【コラム】米朝首脳会談場を徘徊する3つの幽霊(2)
ⓒ 中央日報/中央日報日本語版2019.02.12 13:49
ハノイを徘徊する3つ目の幽霊、南米が元祖のポピュリズムだ。今年の一般教書演説でトランプ大統領は自分の外交基調を「統制力のある現実主義(principled-realism)」と明らかにした。しかし彼が愛用するというマイク・タイソンのこの言葉が真実であるようだ。「誰でもそれなりの計画を持っているだろう…あごに一発を食らうまでは」「私がいなければ今ごろ北朝鮮と全面戦争中だ」というトランプ大統領には、「ICBM除去で米国の安全を守った」というハノイのツイート一発が誘惑になるだろう。内政のポピュリズムは選挙でも審判することができる。しかし自身を愛国主義で包装、扇動するポピュリズムが外交と交われば…。結果には誰も責任を負わず、結果の復元も不可能だ。残された苦痛は悪魔のようなディテールに生死がかかる弱者に回ってくる。
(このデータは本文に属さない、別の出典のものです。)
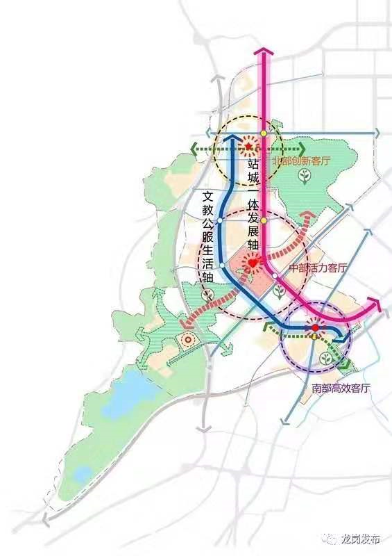 2019年7月,備受矚目的大運新城城市設計成果經(jīng)深圳市規(guī)劃和自然資源局審議正式出爐。未來的大運新城將是一座生態(tài)文明健康、學習文化濃厚、多維開放連接、創(chuàng)新活力迸發(fā)的高水平城市新客廳,形成“一主兩副、三心兩軸”的總體城市框架。其中“三心”為“一主兩副”三個城市客廳,即主客廳“中部活力客廳”,副客廳“北部創(chuàng)新客廳”和“南部高效客廳”?!皟奢S”為黃閣路“站城一體發(fā)展軸”和龍飛大道“文教公服生活軸”。

「商売人大統領」の増強された現実主義、そこに民族主義・ポピュリズムまで加勢した幽霊のいたずらは、このような交渉結果を生み出すかもしれない。「米国の安全を脅かす北朝鮮のICBMの除去と相当な制裁解除を交換する。残りの非核化は段階的に推進。米国が北朝鮮を不可侵する終戦宣言をプレゼントする。トランプ大統領は米国が安全になったとし、モラー特別検察官を避けて再選街道を走る」。
韓国戦争(朝鮮戦争)当事者の我々にこうした「終戦の喜び」は虚構にすぎない。果たして何が違うのか、停戦と。核兵器・核物質廃棄の検証に長々しい曲折を経て、どこかに隠れている核を頭に載せて不安を感じながら生きていかなければいけないのか。米国の中国封鎖拠点は果たして日本なのか、韓国なのか。歴史上、米国の終戦はほとんど敵の無条件降伏(ドイツ、日本、イラク)か、そうでなければ軍の撤収(ベトナム、シリア、アフガン)の手続きを踏んだ。終戦という覆いの下、米軍の縮小と撤収がいつも禍根の火種として残るのはでないだろうか。北朝鮮の100万人の大軍と通常戦力、「全国的な範囲の民族解放と人民民主主義革命課題の完遂」という労働党の規約にはいかなる変化があるだろうか。何よりも終戦後、我々内部の両極端勢力の「広場対立」こそさらに険悪になるのではないだろうか…。3つの霊に立ち向かって我々の安全と平和を守らなければいけないハノイ交渉が近づいている。